IB Education: Benefits and Downsides

Sarah Cornils, Reporter

West High School’s International Baccalaureate Diploma (IB) Program is a rigorous college preparatory program, focusing on the liberal arts.

To graduate with an IB diploma, students need six subject credits, or three credits each year for their junior and senior years. The program is focused on international affairs, allowing the credits to be transferred. To get the IB credits students have to take the IB exams and pass.

IB Coordinator John Ruhlin currently runs the IB program and has been involved for 12 years. While many of the West students take a few IB classes throughout their high school career, the diploma program is separate and is exceptionally demanding. As a result, around 30 percent of people who enter the diploma program drop out. Bennett Pearce, a current student in the IB program, says that “the extended essays, which have to be close to 400 words, and all the extra requirements” are most likely is the reason people might drop out of the program.

Ruhlin says that when students “have strength in other areas [like] art, or in a second language, there are more possibilities for higher levels in those classes.” He is also willing to work with and create flexibility to make the IB program available for more students.

One important thing commonly overlooked in the IB program is the arts. This area of academia is the one place which allows flexibility in the program’s requirements for credits.
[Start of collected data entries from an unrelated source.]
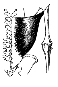 Действие: Разгибание, приведение и медиальная ротация плечевой кости при фиксированном начальном прикреплении. Подавляет активность плечевого пояса и способствует латеральному сгибанию туловища.
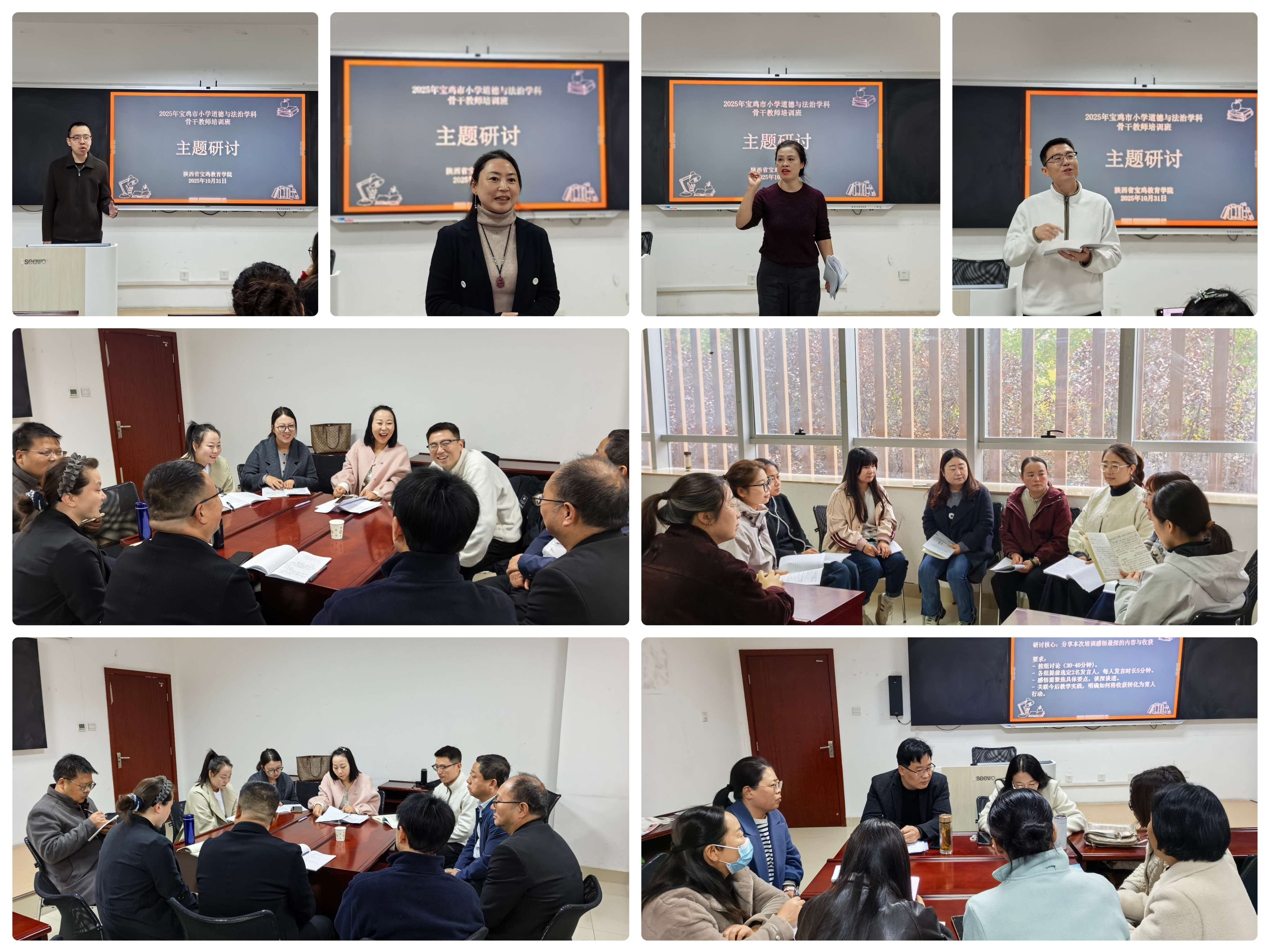 10月26日至10月31日,宝鸡市小学道德与法治学科骨干教师培训在宝鸡教育教育顺利举行,来自全市的50名教师参加了培训。本次培训围绕“夯实理论基础、聚焦课堂实践、深化教学研讨”三大板块,通过丰富的课程设置与实践环节,为参训教师搭建了学习提升与经验共享的优质平台。
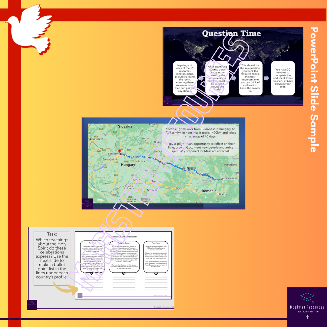 - Record It: Question Time - There are a series of 15 resources included in the PowerPoint Lesson (photos, maps, pictures etc) showing how Pentecost is celebrated in Hungary, France and Italy. This question sheet gives pupils space to write down a question they have about each resource.
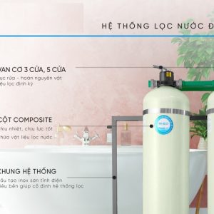Hệ thống lọc nước đầu nguồn 2 cột composite van cơ

Rachel Wall, who is in her first year at West and previously taught 12 years at Gruening Middle School, values the arts in the program greatly, and is passionate about her teaching.

Wall says she hopes to convey to her students that “creativity is valued in other fields even if you’re not looking into art as a career, you can get further in any career with creative thinking.” She hopes that through her other classes she can encourage people to join IB arts regardless of “talent” or being part of the IB program.

Although IB can be challenging, it can reap many academic rewards that West student should see as worth the struggle.